Now, this pickle file can be read using the read_pickle and is stored in another variable called pickld.

Finally, in line 14, we print the data using the print().

We can check the type of data using the type(). In this example, the type is a data frame.

The data frame is given below.

Example 4:Reading a CSV File

In this example, let us pass a CSV file as input to the function.

This CSV file contains related information of 5172 randomly picked email files and their respective labels for spam or not-spam classification.

First, let us see how to read a CSV file.

import pandas as pd
df=pd.read_csv('emails.csv')
#first five rows of the data
print(df.head())
print('-'*30)

Starting with line 1, the Pandas library is imported into the environment.

pd.read_csv: We can read the CSV file with the help of read_csv. This data is stored in a variable called df.

df.head()– This function is used to print the first five entries of the data frame. The default function prints five entries, but you can specify the number of the first few rows you wish to be printed.
Example- df.head(2), df.head(10) and so on.

In the next line, we are creating a separator. This line outputs 30 hyphens(-) to the screen.

We pass the obtained data frame as input to to_pickle and read the pickled format.

The code is supposed to look like this.

#pickling
df.to_pickle('emails.pkl')
#reading the pickled file
email_pkl=pd.read_pickle('emails.pkl')
#DataFrame
print(email_pkl)

df.to_pickle: The obtained data frame is converted to a pickle file with the help of to_pickle. This pickle file is stored in ’emails.pkl’.

In line four, the pickle file is being read and is stored in the variable-’email_pkl’.

Finally, in line six, we print the data residing in ’email_pkl’.

Conclusion

To summarize, pickle is a binary data format used in big data analytics, enabling us to serialize any object. The serialization process involves converting data into a sequence of bytes, which is easy to store on the disk and can be transmitted over a network.

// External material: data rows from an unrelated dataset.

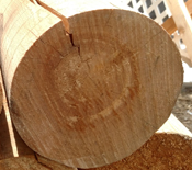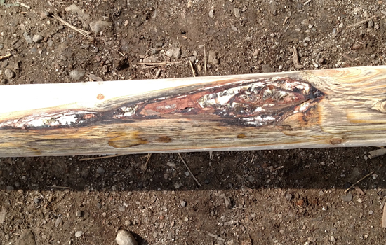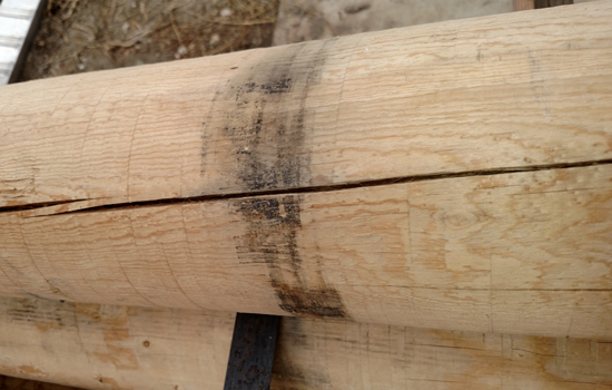 Information about our wood pine poles. We enjoy the rustic look of our wood and the character each piece can have & hope you will to. We want you to know exactly what you will be getting so we are sharing the following details. We store most or our wood outdoors and cover it but in many cased the wood comes to us somewhat weathered. The poles can have slight bows to them. During the drying process they tend to form what we call "checking" but basically what this is are cracks going from the outside of the wood towards the heart of the wood. This is normal and we have no way to prevent this from happening. Structurally the wood is still sound with these checks. We sell our wood as we receive it unless otherwise specified. No sanding or other finishing is done unless specified. There can be slight variations in the diameter sizes. Each piece of wood will be different and will have different characteristics such as amount of knots, size of knots, color of wood etc. The length of the wood will have variations so please let us know if you have a minimum size requirement. Some pieces will have more unique qualities than others. It should be expected that some pieces of wood will have areas where bark has not been completely removed, marks from the binding straps, mildew stains or other variations pictured below.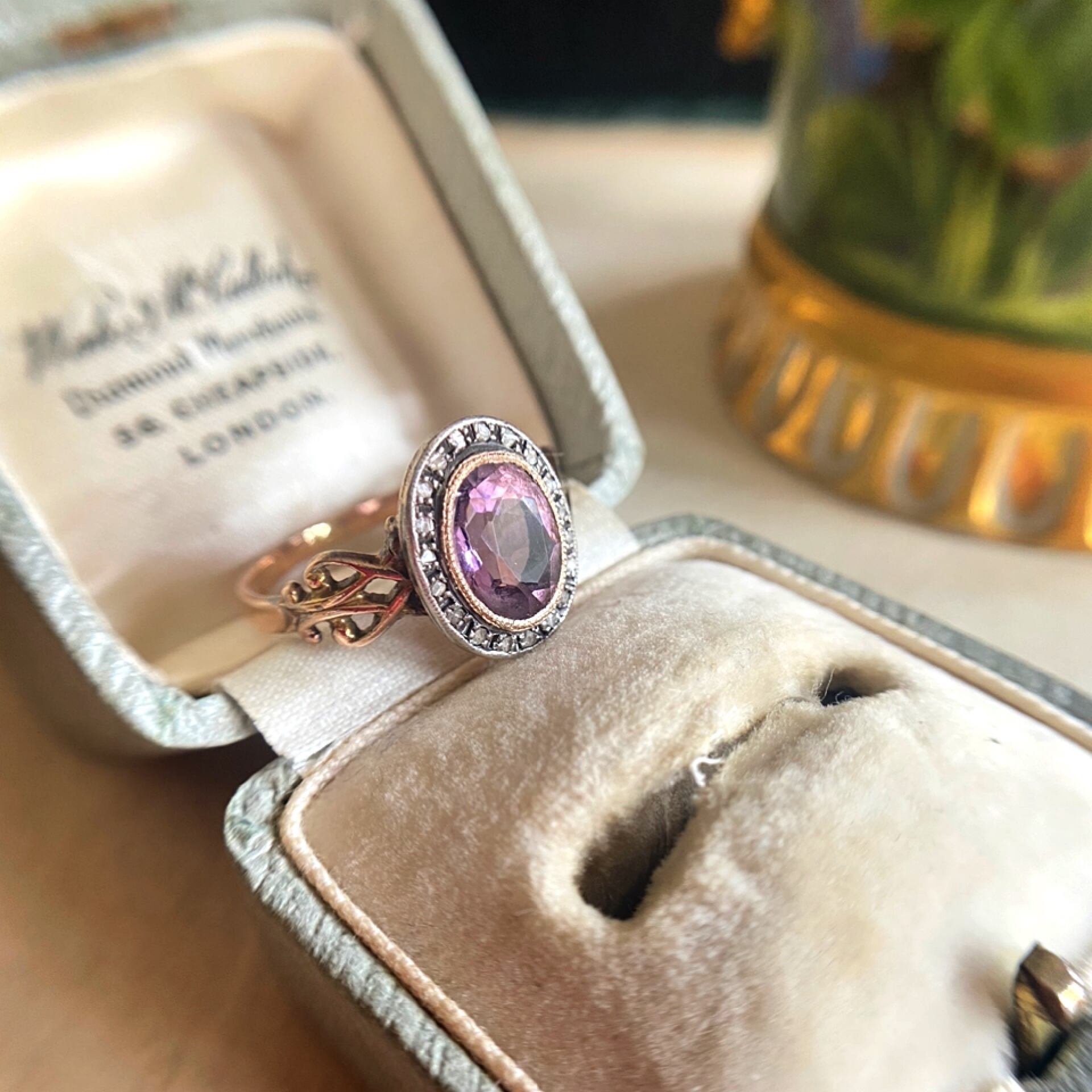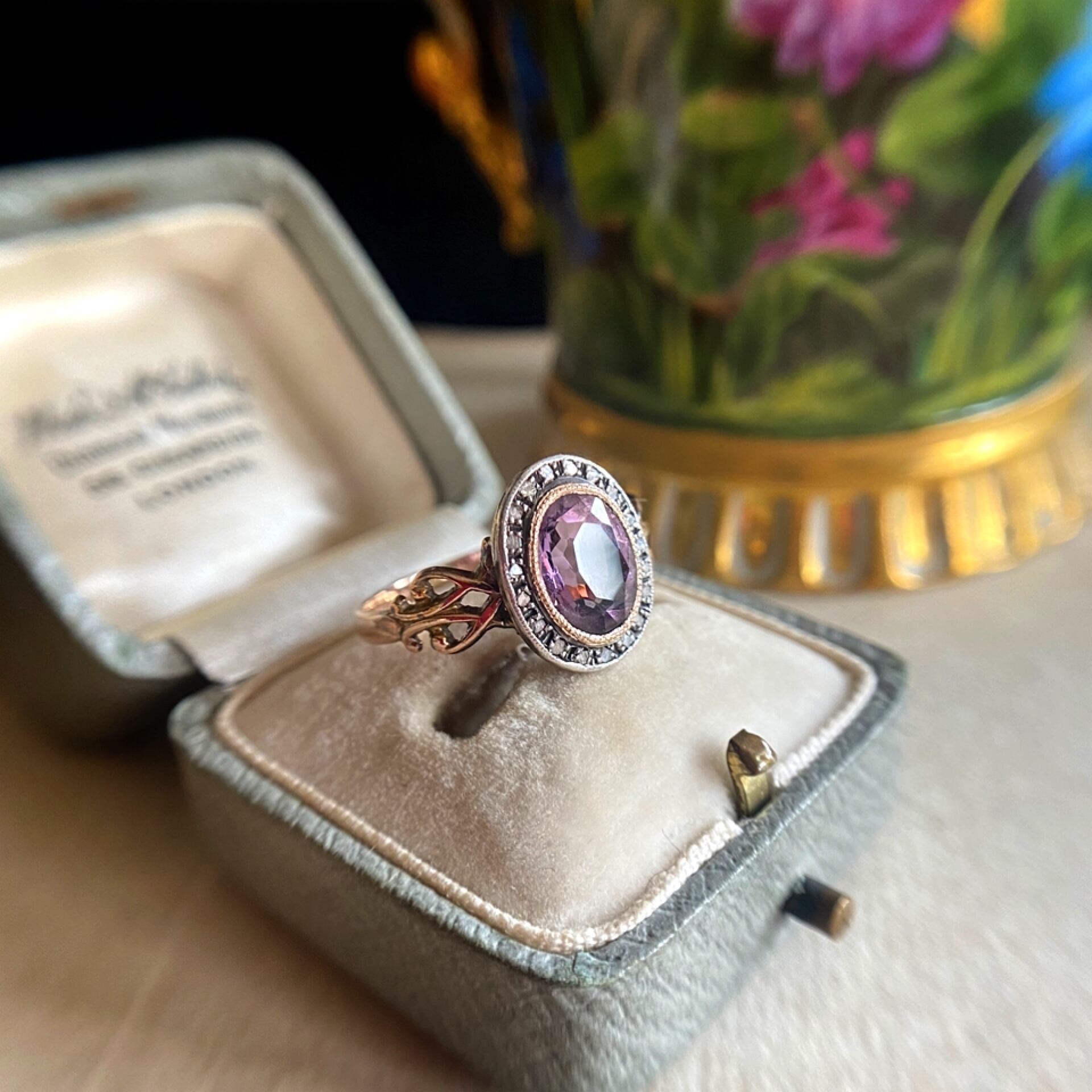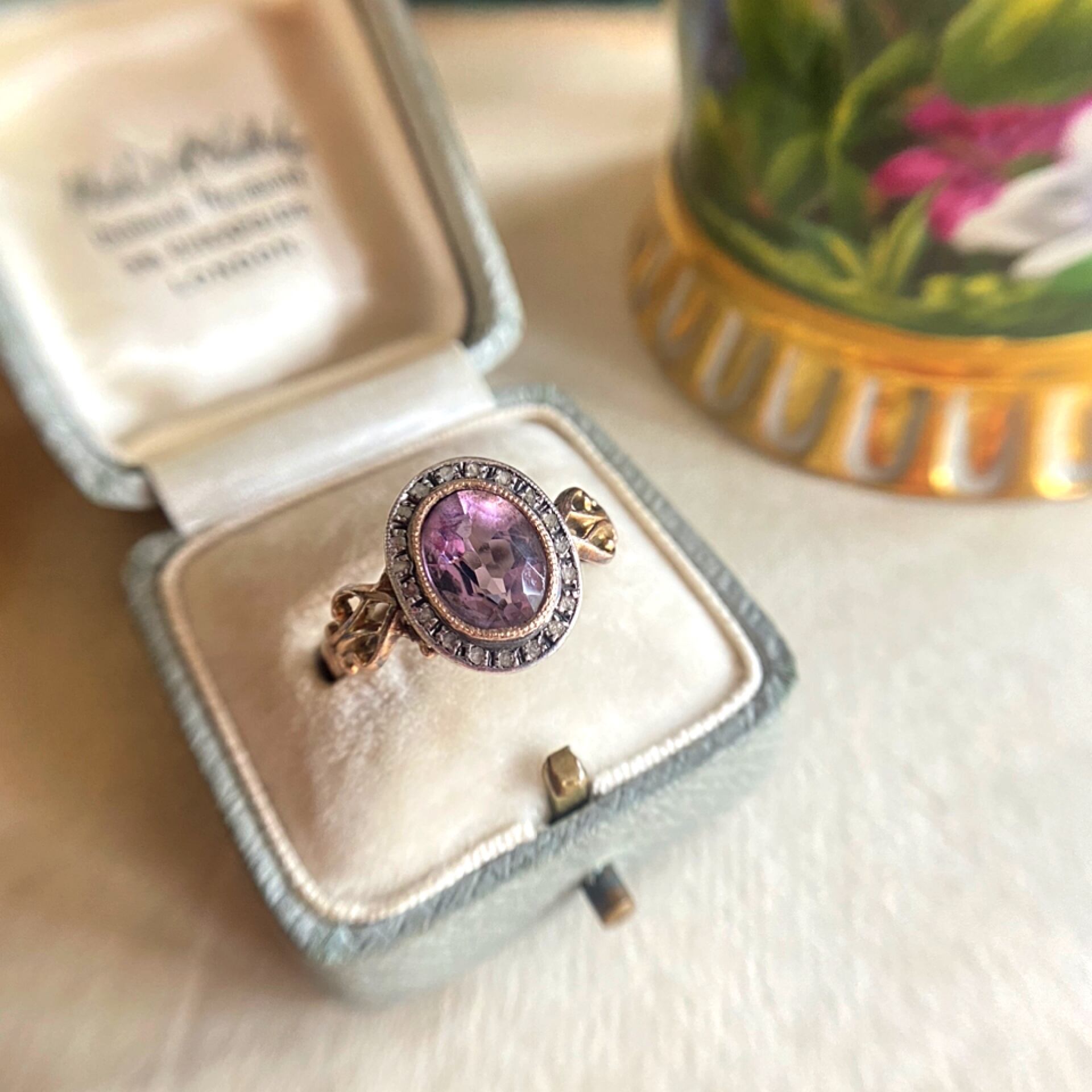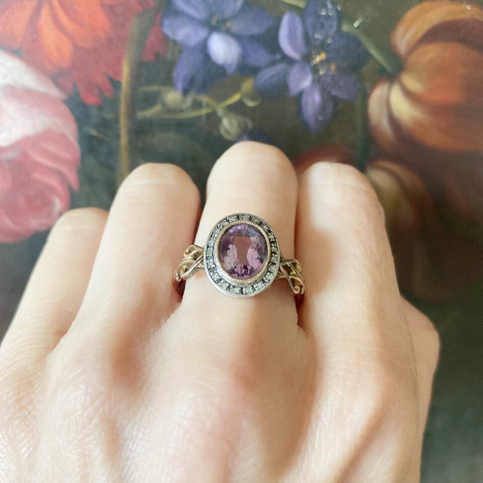 ダイヤモンドやアメジストの枠は職人の手によるもので、歪なところにアンティークの趣を感じてしまいますね。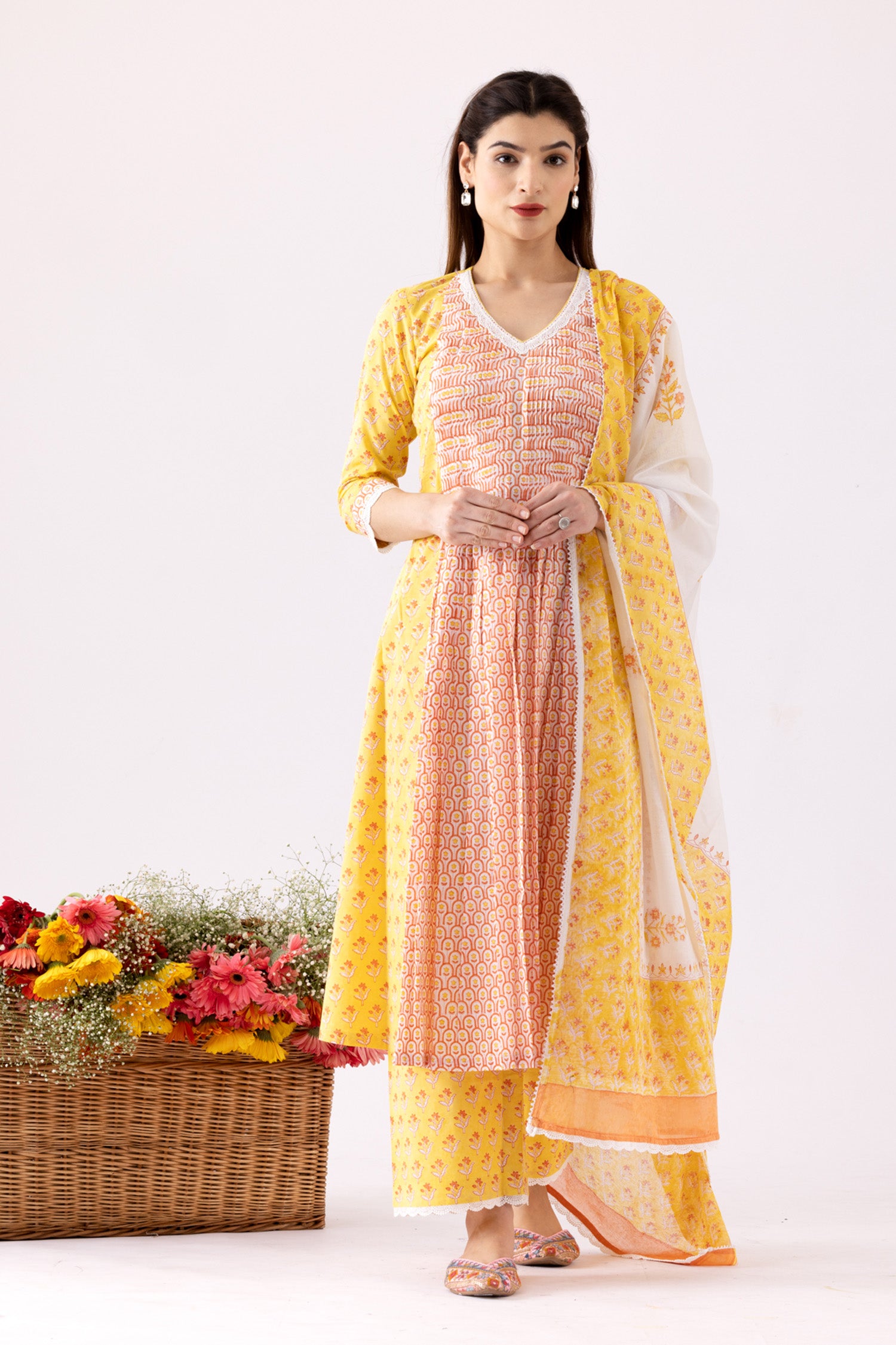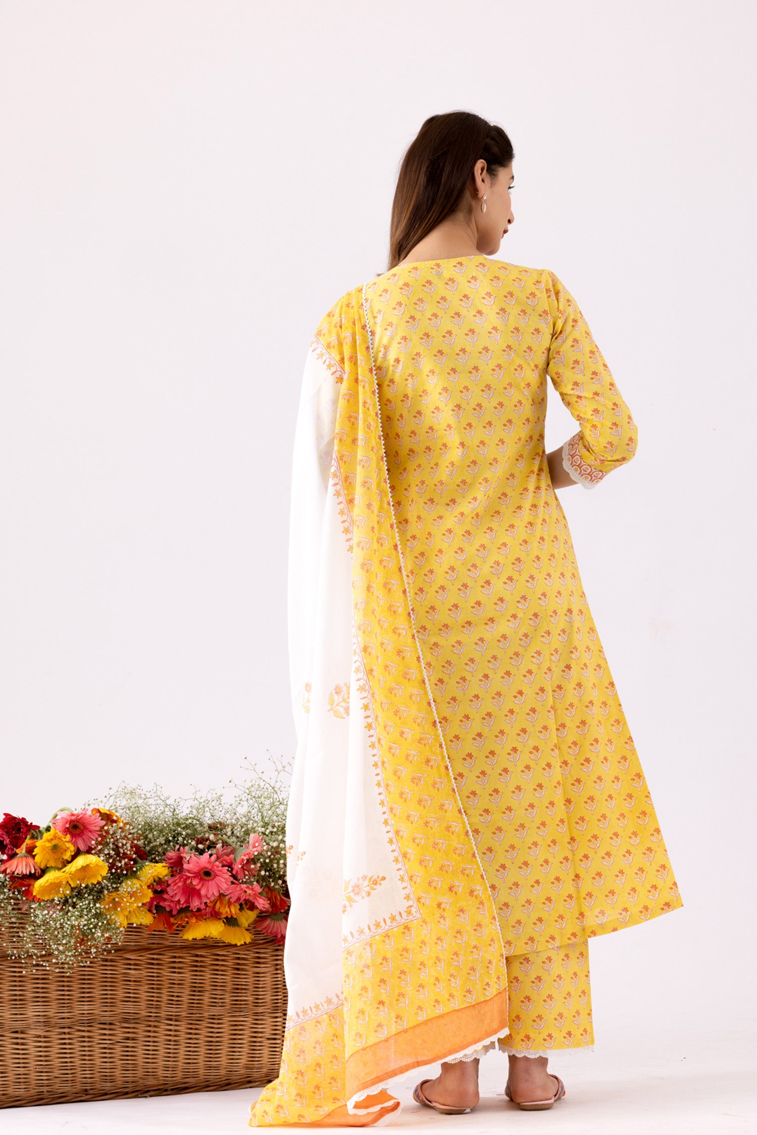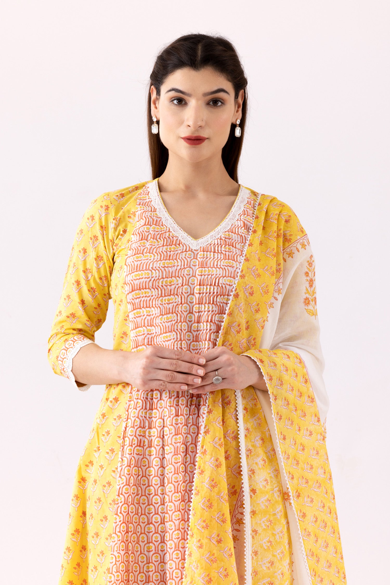 The Yellow Block Print Cotton V-Neck Anarkali with Lace finished Palazzo and dupatta for casual and simple yet Elegant look.

The read_pickle function is used to read the pickle data in Python. The syntax for the same is provided and the arguments have also been explained.

In the first example, we have seen how to load a pickled dataset as a file and pass it to the function as an argument. We have also seen the usage of %timeit to calculate the time taken to complete this task.

We have also seen the conversion of various file formats(excel, CSV) into the pickle format using the to_pickle function, and reading them as a pickle with the help of read_pickle function.

We have seen how the data is stored in a dictionary and how we can convert it to a data frame which is then passed as an argument to the read_pickle function.